Some real estate investors remain wary of the single-family landlord strategy. The niche's lack of a track record poses a challenge in gauging asset value, rental rates, capital-improvement expenses and operating and management costs, said Scott Crowe, global portfolio manager at Philadelphia-based Resource Real Estate, a direct investor in properties and real estate securities.

"The idea of single-family rentals as an asset class is still unproven," he said. "That doesn't mean that it's not a good opportunity ... if demand is there, professional management may have a better outcome.

Wall Street appears uncertain, too: Shares of public companies in the single-family homes market are trading below or around their respective initial offering prices.

In a display of confidence, though, institutional investors have forked over $1 billion in debt to Colony American and Invitation Homes over the last six months in two single-family rental securitizations, a vehicle providing the landlords with low-cost financing to pursue more acquisitions.

Earlier this year, a Deutsche Bank analyst writing for the Commercial Real Estate Finance Council predicted the landlords could sell up to $5 billion in securitized bonds in 2014.

"Everyone in the space is looking at it because it's an efficient way to get money," said Schmitz, whose company has hired Deutsche Bank to explore potential securitization.

Narrowing Focus

Even with fresh coffers of cash, big single-family landlords have acknowledged that they'll need to adjust acquisition strategies in light of the improving housing market.

Property researcher CoreLogic notes that U.S. home prices notched a 24th month of year-over-year gains with February's 12.2% rise.

Landlords can still buy homes under replacement cost in some areas. But after their buying flurry of recent years, most big operators now focus on operations and management — prepping houses for renters and increasing occupancy.

Some REITs have already witnessed hefty price appreciation in certain markets, but REIT rules make them hold the homes for two years before disposal. Schmitz and Silver Bay executives note that harvesting the gains for redeployment may makes sense.

On a year-end earnings conference call in March, Silver Bay executives noted that the supply of cheap homes in its Western markets had all but dried up and that they would look in Florida, Texas and Atlanta. American Residential plans to "drill deeper" for deals in Atlanta and other communities where it wants to build critical mass, Schmitz says.

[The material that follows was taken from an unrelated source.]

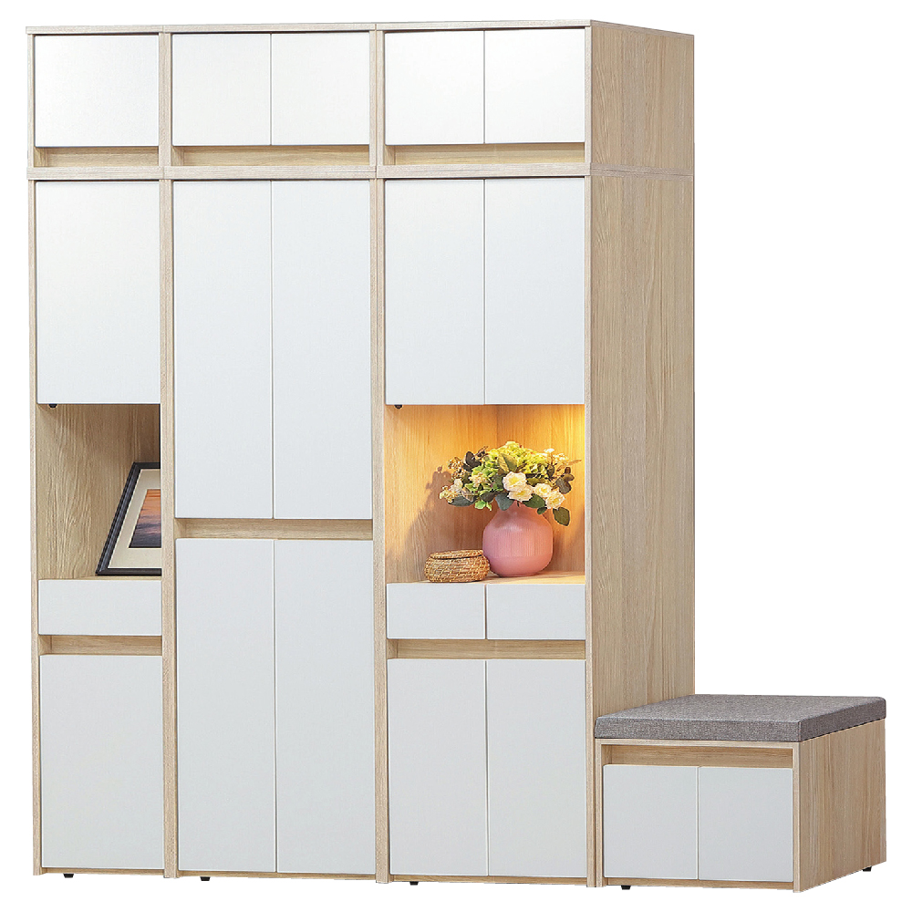 ◆2尺開放收納鞋櫃:寬60.5 x 深37 x 高194 cm,附暖光LED燈、活動隔板x4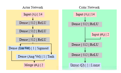 首先是14维的输入特征向量,其中有10维是激光探测器的输入信息,另外两维是上一时刻的线速度与角速度,最后两维是机器人的实时位置。对于Actor网络而言,输入经过三个全连接层后,分别用sigmoid函数与tanh函数激活,因为线速度保证非负,最后融合成二维输出动作action。

Competition has also stiffened at some foreclosure auctions. In Las Vegas, for example, auction homes sold for an average discount of 13% to market value in 2013, down from a discount of 24% in 2011, according to Irvine, Calif.-based RealtyTrac, an online marketplace for foreclosure properties.

Not only does the bidding competition affect potential profitability for institutional investors, but along with rising home prices, it also makes it tougher for local landlords to compete, said Daren Blomquist, a vice president at RealtyTrac.

"There are much thinner margins at foreclosure auctions, which is the primary place that institutional investors, at least, started out buying homes and where your mom-and-pop investors are buying properties," he said. "That's a pretty clear indication that the profit margins are being squeezed for smaller investors."